### Data
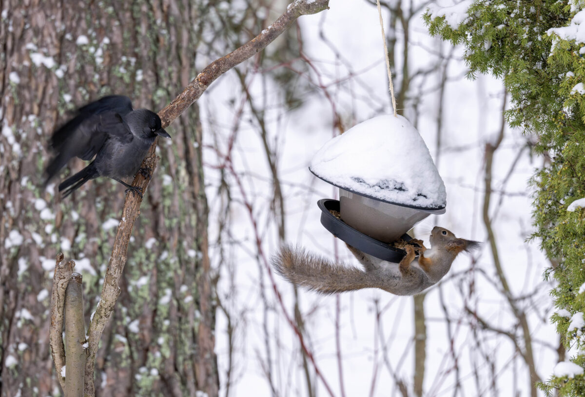 Oravalla ja naakka yrittävät syödä pikkulintujen ruokinnalla. Molemmilla on vaikeuksia.
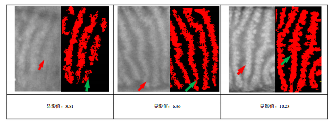 在实验过程中,由于部分测试者对翻眼睑的不适用,睑板腺图像位置不对,反光不均匀和眼睑暴露不完整,这会导致睑板腺图像导入系统后会提取不精准,小部分的干扰信息无法去除。另外当测试者睑板腺严重缺失的,由于缺失的大区域在光源照射下,偶尔会有不同程度的高反光,这会导致睑板腺图像导入后,系统会判断为腺体,属于无法去除的干扰项。以上两点还需要通过对图像算法的优化和提高,进一步提高系统对干扰项的处理能力,增加系统的精确度。
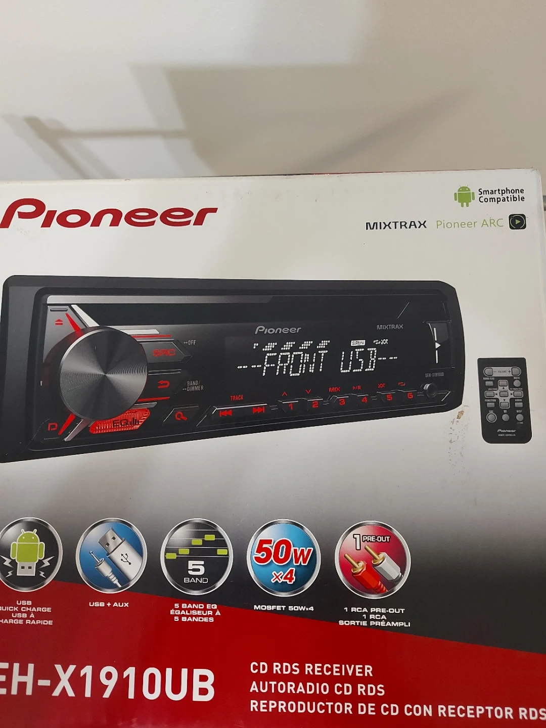 This never used Pioneer CD RDS receiver has MIXTRAX and is Smartphone compatible. Remote included.
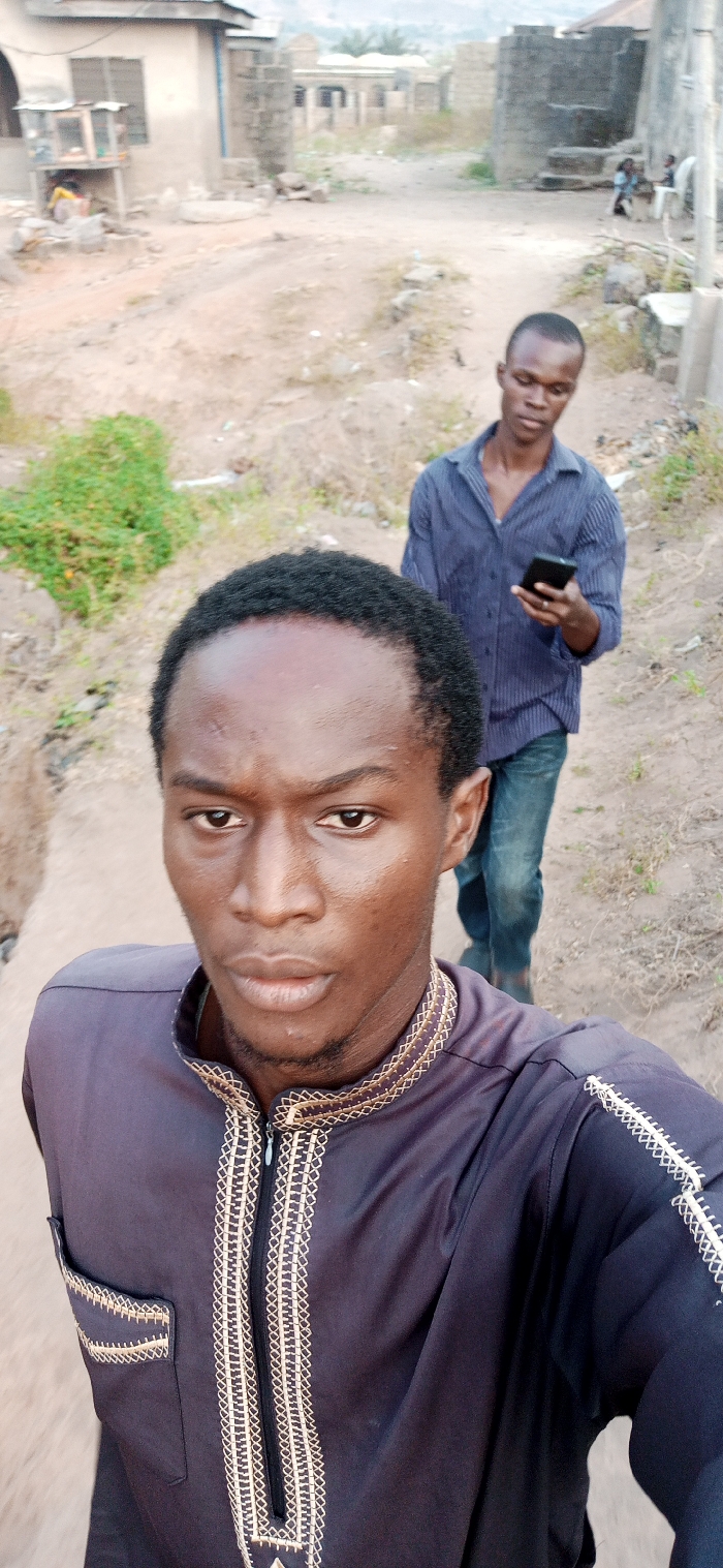Two men are outdoors, one in the foreground and the other slightly behind him. The man in front wears a dark-colored, patterned shirt with a zipper. The man in the background is in a blue button-down shirt and jeans, looking at a smartphone. The setting appears to be a dirt road or path in a semi-rural or developing area, with buildings and vegetation in the background. The overall lighting suggests it's daytime.

### Work task
Please repeat the data verbatim and leave the pictures out of your copy.

### Exercise response
 Oravalla ja naakka yrittävät syödä pikkulintujen ruokinnalla. Molemmilla on vaikeuksia.
 在实验过程中,由于部分测试者对翻眼睑的不适用,睑板腺图像位置不对,反光不均匀和眼睑暴露不完整,这会导致睑板腺图像导入系统后会提取不精准,小部分的干扰信息无法去除。另外当测试者睑板腺严重缺失的,由于缺失的大区域在光源照射下,偶尔会有不同程度的高反光,这会导致睑板腺图像导入后,系统会判断为腺体,属于无法去除的干扰项。以上两点还需要通过对图像算法的优化和提高,进一步提高系统对干扰项的处理能力,增加系统的精确度。
 This never used Pioneer CD RDS receiver has MIXTRAX and is Smartphone compatible. Remote included.
Two men are outdoors, one in the foreground and the other slightly behind him. The man in front wears a dark-colored, patterned shirt with a zipper. The man in the background is in a blue button-down shirt and jeans, looking at a smartphone. The setting appears to be a dirt road or path in a semi-rural or developing area, with buildings and vegetation in the background. The overall lighting suggests it's daytime.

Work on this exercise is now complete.